After two long years of virtual celebration, last night, the Gordon Parks Foundation’s annual gala has returned stronger than ever. At the height of evening traffic, art aficionados, curators, activists, and more entered the doors of Cipriani 42nd Street for a night celebrating social justice and the arts in the name of Gordon Parks.
The Gordon Parks Foundation began in 2006 with the efforts of Parks himself and his trusted friend and colleague, Philip Kunhardt Jr. a former editor of Life magazine. The mission behind the foundation is clear; Parks’s life and purpose were dedicated to amplifying Black life and bringing awareness to a racial divide via (what he referred to as “his weapon against poverty”) photography. Dinner attendees included Leonardo DiCpario, Anderson Cooper, Questlove, Gayle King and Lynn Nottage.
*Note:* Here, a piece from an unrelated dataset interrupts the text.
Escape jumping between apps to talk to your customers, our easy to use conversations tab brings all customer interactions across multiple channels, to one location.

Born in Fort Scott, Kansas during an era of segregation, Parks purchased his first camera from a pawn shop. He would spend his adulthood working as a photographer, filmmaker, writer, and musician. In each of these mediums, one theme rang true: he was devoted to storytelling. In 1956, Life magazine sent Parks to Mobile, Alabama to document segregation in the South when he captured the powerful image “At Segregated Drinking Fountain,” which would sell for a marvelous $170,000 at this year’s auction. Cora Taylor, who is pictured in the image, would also be honored for her role in the making of the photo.
The program at last night’s benefit consisted of a performance by Black Thought of The Legendary Roots Crew, remarks from Leslie Parks (daughter of Gordon Parks), and the celebration of honorees who are pioneers and champions in art highlighting Black life. Those five individuals included: Spike and Tanya Lee, Darren Walker, Laurene Powell Jobs, and Mark Bradford. All represent Parks’s vision of creating a future that doesn’t look past racial injustice but challenges it head-on.
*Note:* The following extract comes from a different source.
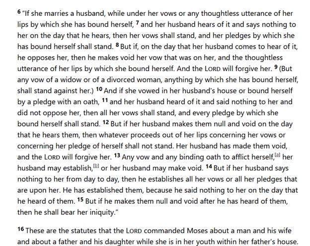 Does Witt believe Numbers 30 is “of divine origin” or is it merely a cultural relic?

The foundation raised more than a two million dollars auctioning off eight images and a final ninth photograph that was announced as a surprise, picturing none other than Malcolm X, whose 96th birthday it would have been that day. The image sold for $200,000 to the producer, lover of the arts, and GPF co-chair Kaseem “Swizz Beatz” Dean.
Amongst the speakers, honorees, fellows, friends, and family, the commitment to being change-makers in art and all its forms is what made the evening sing. To no surprise, Parks’s prolific words were often quoted in the many speeches throughout the evening, but one quote perfectly depicted the continuation of those who still show up in his name: “I’ve never lost my fierce grudge against poverty. It is the most savage of all human afflictions, claiming victims who can’t mobilize their efforts against it.” As the foundation continues to support Black artists whose cause is amplification, there will always be a reminder there is still a lot more work to do, and the Gordon Parks Foundation is devoted to seeing it through.